SRF News: Belgien hat offensichtlich ein Problem mit der Integration von muslimischen Einwanderern. Weshalb bekundet gerade Belgien in diesem Bereich grössere Probleme als andere Länder in Europa?
Alain Kniebs: Ob die Integration in Belgien insgesamt schlechter ist als in anderen Ländern, ist schwierig zu sagen. Fakt ist allerdings, dass sie in einigen Stadtteilen gnadenlos gescheitert ist. Das gilt vor allem für den Problemort Molenbeek im Westen Brüssels. Dort ist in den letzten 20 Jahren alles schiefgelaufen, was nur schieflaufen konnte. Es entstand eine Art Parallelwelt , in der sich viele Menschen gar nicht integrieren wollen. Die Stadtverwaltung hat jahrelang nur zugesehen und ist mit der dortigen Situation inzwischen völlig überfordert. Wer schon einmal in Molenbeek war, dem fallen die Unterschiede zum restlichen Belgien sofort auf: Menschen mit Migrationshintergrund leben dort auf sehr engem Raum völlig unter sich zusammen – manchmal nach ihren ganz eigenen Regeln. Viele sind arbeitslos, die Kriminalität ist gross. Belgier meiden den Brüsseler Vorort, sie machen einen grossen Bogen um dieses quasi-Ghetto.
Der Bezirk gilt als Islamisten-Hochburg. Wie muss man sich die Situation in Molenbeek aktuell vorstellen?

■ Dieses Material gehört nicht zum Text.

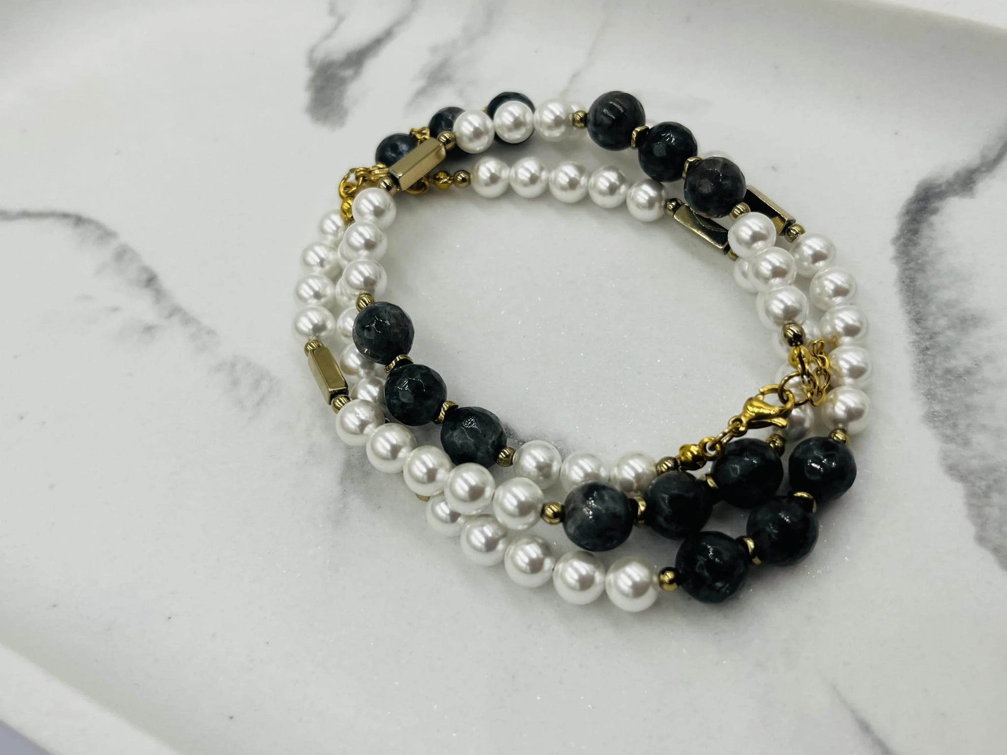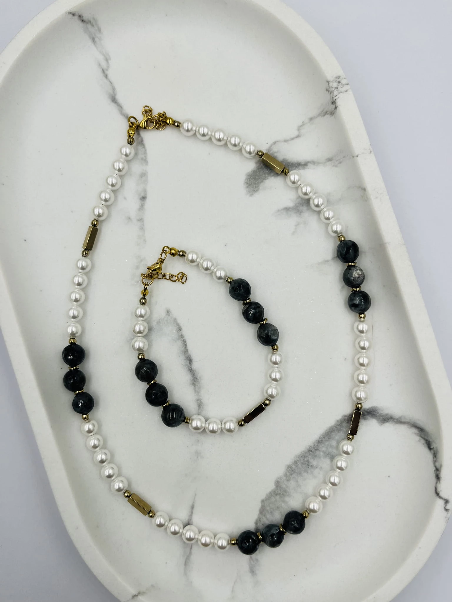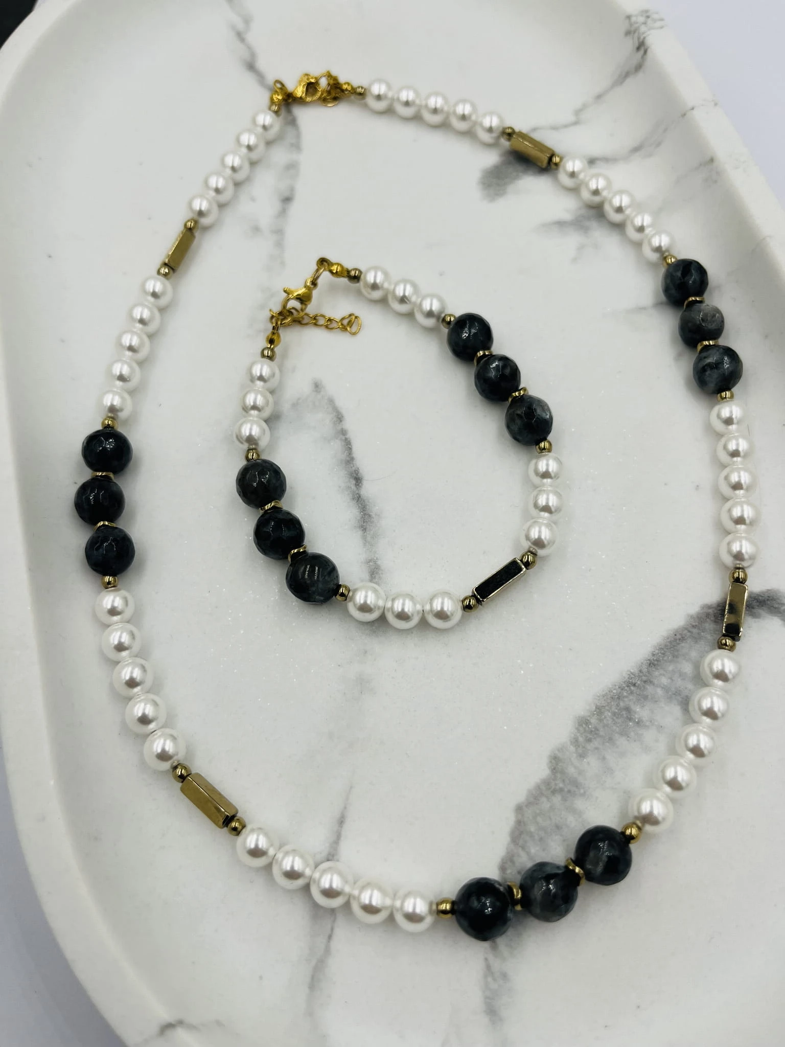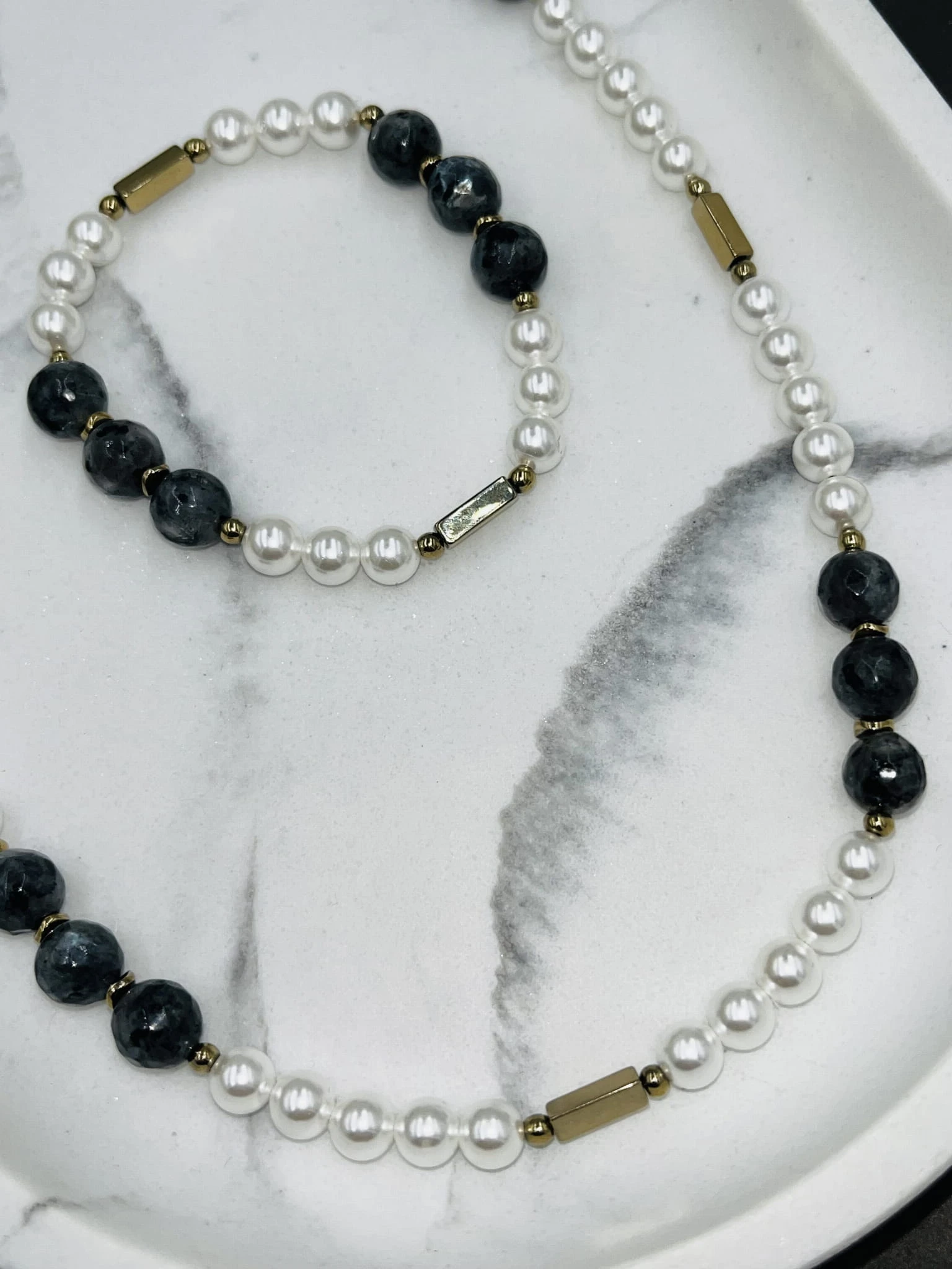 Ręcznie wykonany komplet biżuterii składający się z naszyjnika i bransoletki z perły Majorka, labradorytu oraz złotego hematytu. Spójna, elegancka forma łącząca klasyczną perłę z naturalnym kamieniem o subtelnym połysku.
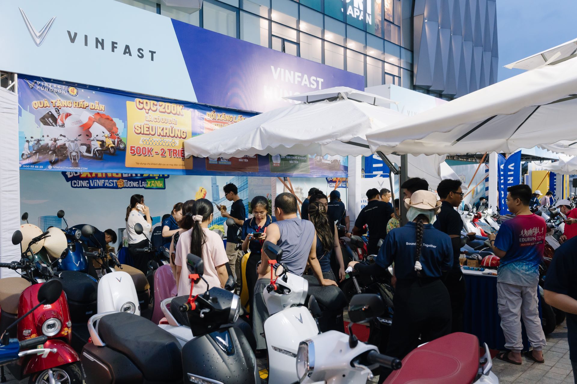 Tại điểm cầu TP.HCM, không khí bắt đầu nhộn nhịp từ sáng sớm ngày 2/8. Như thường lệ, khu vực tập trung đông người nhất tại sự kiện vẫn là gian hàng của các đại lý, nơi khách hàng có thể tìm hiểu về các mẫu xe và quy trình chuyển đổi. Các mẫu xe thu hút sự chú ý của khách hàng có thể kể đến VinFast Motio, Evo Neo, Feliz Neo, Vento Neo...
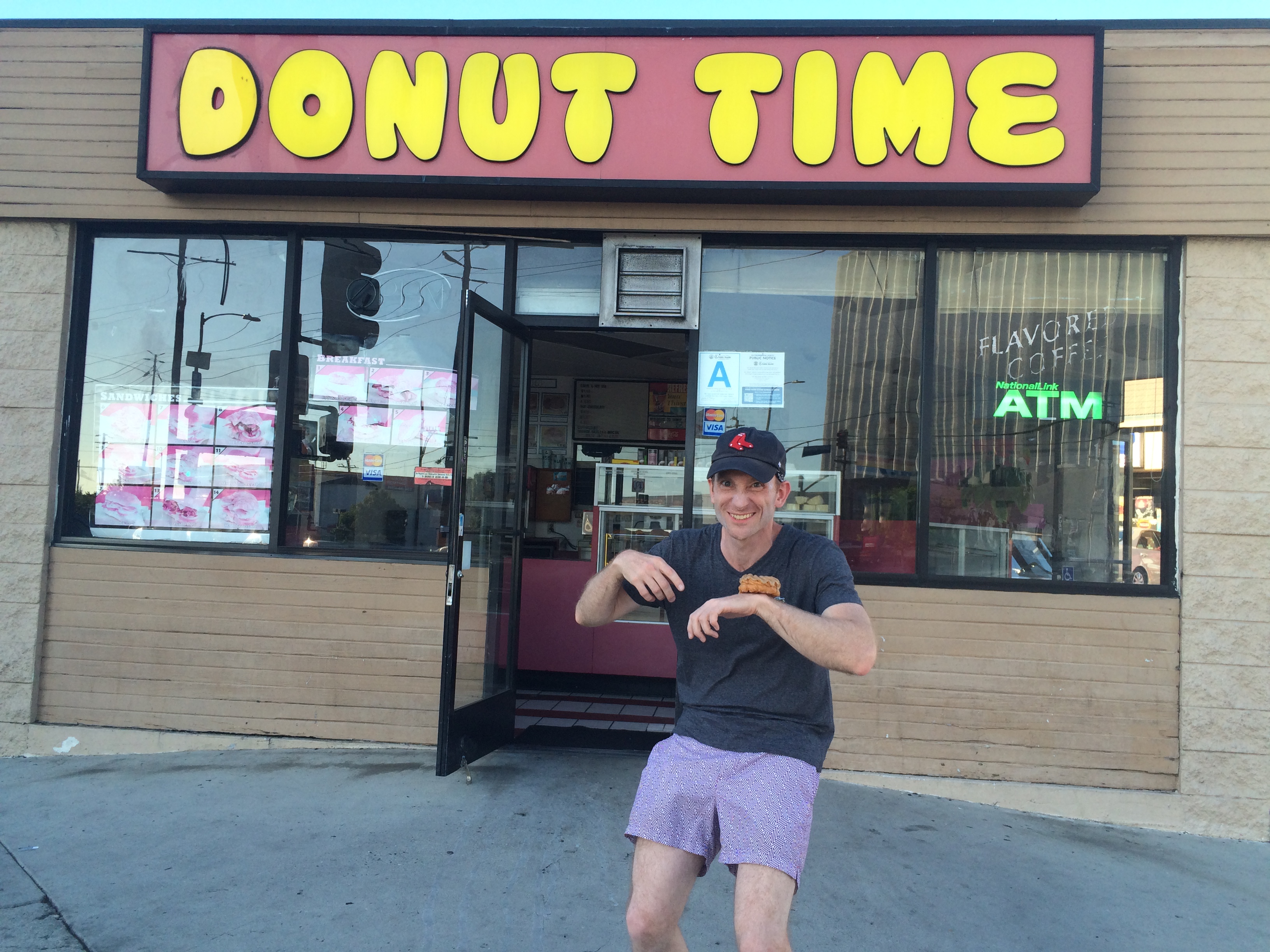 Footnote: I tracked down Donut Time, the donut shop where much of the action in Tangerine takes place. It’s located at 6785 Santa Monica Blvd. at the corner of Highland. I used the ATM and bought a cruller. It was awesome.
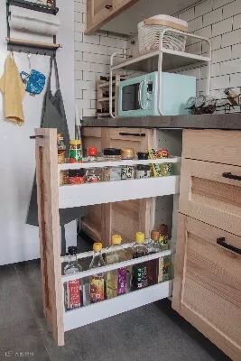 调味罐和瓶瓶罐罐也全部藏进了拉篮
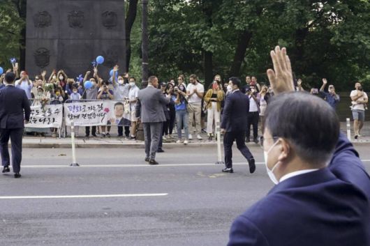 앞서 문 대통령은 지난 19일 뉴욕에 도착한 당일에도 숙소 앞에 모인 수십명의 교민들로부터 환영 인사를 받고 손을 흔들어 화답하는 모습이 공개된 바 있다.
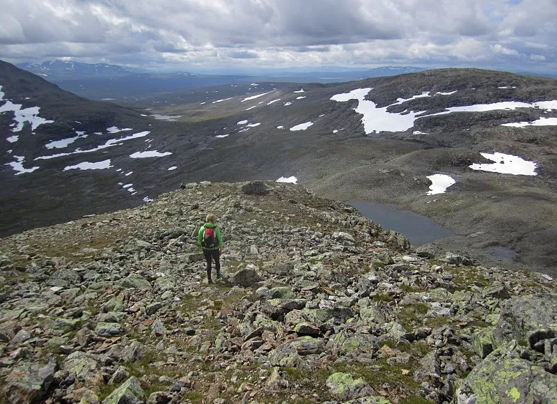Nedstigning från Lillsnasen. Denna dag besöktes topparna Storsnasen, Lillsnasen och Tväråklumpen innan färden gick vidare mot Blåhammaren.
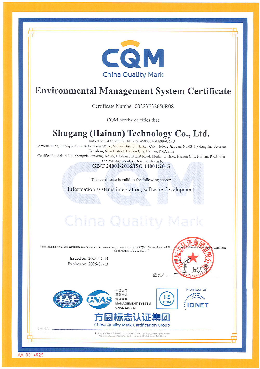 - 環(huán)境管理體系認(rèn)證證書
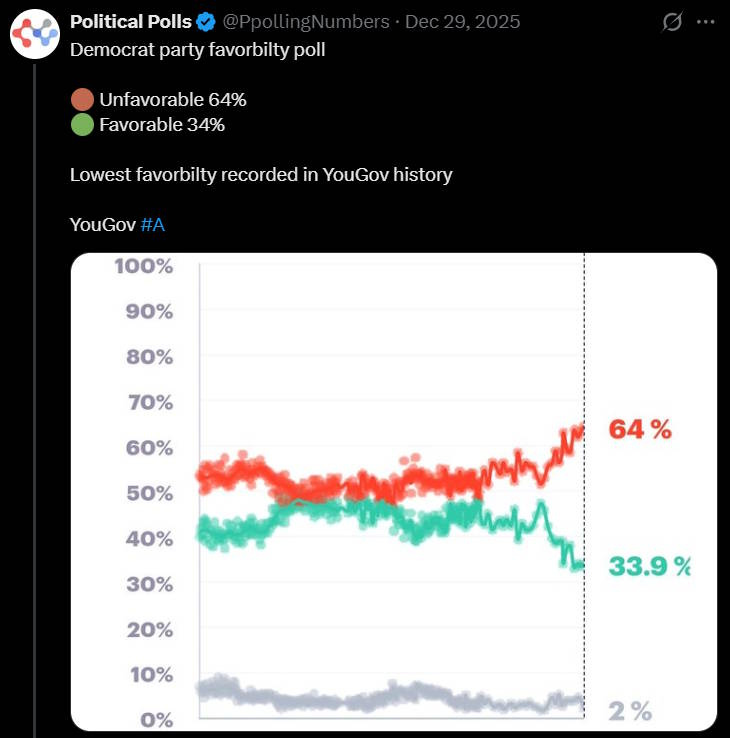 And yet here I stand, in 2026, and America’s long arc of liberalism appears to have bent straight into the dirt. Americans may have soured on Donald Trump, and may hand the Democrats a victory in this year’s midterm elections, but at the same time, they despise the Democratic Party:
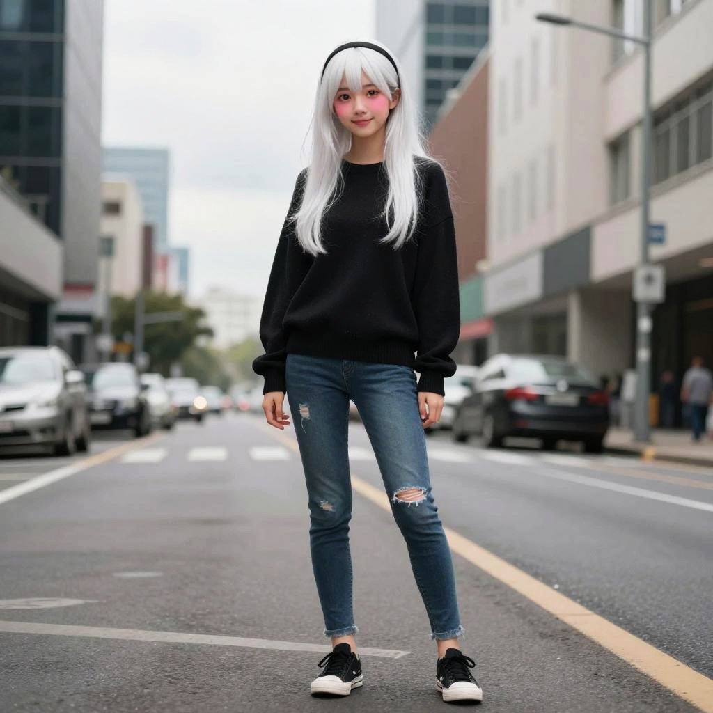 (RAW photo, best quality), (realistic, photo-realistic:1.3), masterpiece, extremely detailed, CG, unity, 2k wallpaper, Amazing, finely detail, light smile, extremely detailed CG unity 8k wallpaper, huge filesize, ultra-detailed, highres, absurdres, soft light, 1 girl, (black sweater:1.2), solo, (18yo), cute, round eyes, pink blush, Long hair, (white hair:1.1), (hairband:0.9), skinny jeans, (ripped jeans:1.2), black sneakers, standing, street corner, urban background, cloudy, cool colors, (leading lines composition:1.3), natural lighting, anime style.

Wenn Sie als Tourist durch die Brüsseler Altstadt gehen, fällt Ihnen überhaupt nichts auf, nach Molenbeek sind es aber nur drei Kilometer Luftlinie. Dort sieht die Welt ganz anders aus; es ist, als gebe es einen unsichtbaren Zaun um Molenbeek. In den letzten Tagen kam es zu vermehrten Hausdurchsuchungen und Festnahmen. Immer wieder ist auch von «No-Go»-Zonen die Rede. Das sind Gebiete, in die sich selbst die Polizei nicht mehr hineingetraut. Fachleute warnen schon seit Jahren davor, dass Armut und Perspektivlosigkeit der perfekte Nährboden für radikale Ideen sind, eine Brutstätte für Terroristen. Tatsächlich führen Spuren aller Anschläge der letzten Zeit nach Molenbeek.
Viele Radikale aus Frankreich tauchen in Molenbeek unter.
Schon nach den Anschlägen auf das Satire-Magazin «Charlie Hebdo» im Januar waren die Islamisten in Belgien in den Fokus geraten. Haben die Sicherheitskräfte seither zu wenig unternommen?
Der belgische Premier Charles Michel hat es so ausgedrückt: «Wir haben ein gigantisches Problem», sagte er am Wochenende, während der Innenminister bestätigte: «Wir haben die Lage in Molenbeek nicht mehr im Griff.» Allein das zeugt von einer gewissen Untätigkeit der Politik im Problembezirk. Hinzu kommt die Tatsache, dass Belgien ein kleines Land inmitten Europas ist. Das wissen auch die Terroristen – wie sie auch die Probleme um Molenbeek kennen. Hier tauchen viele Radikale, etwa aus Frankreich, unter. So verschwinden sie vom Radar der französischen Sicherheitsbehörden und bei den belgischen tauchen sie nicht auf. Sie können hier also relativ unbeobachtet viele Dinge tun.
Wie ist denn die Stimmung in der belgischen Bevölkerung, nach den Pariser Anschlägen? Reagieren die Menschen mit Angst oder mit Hass?
Die Betroffenheit ist sehr gross, Paris liegt nur eine gute Zugstunde von Brüssel entfernt. Auch ist die Angst zu spüren, viele Menschen sind misstrauisch. Die Regierung hat inzwischen versprochen, hart durchzugreifen und nicht mehr tatenlos zusehen zu wollen. In Molenbeek solle aufgeräumt werden, sagte der Innenminister. Schon seit den Anschlägen vom Januar in Paris sind zudem überall in den belgischen Städten viele Sicherheitskräfte sichtbar präsent.
Das Gespräch führte Susanne Schmugge.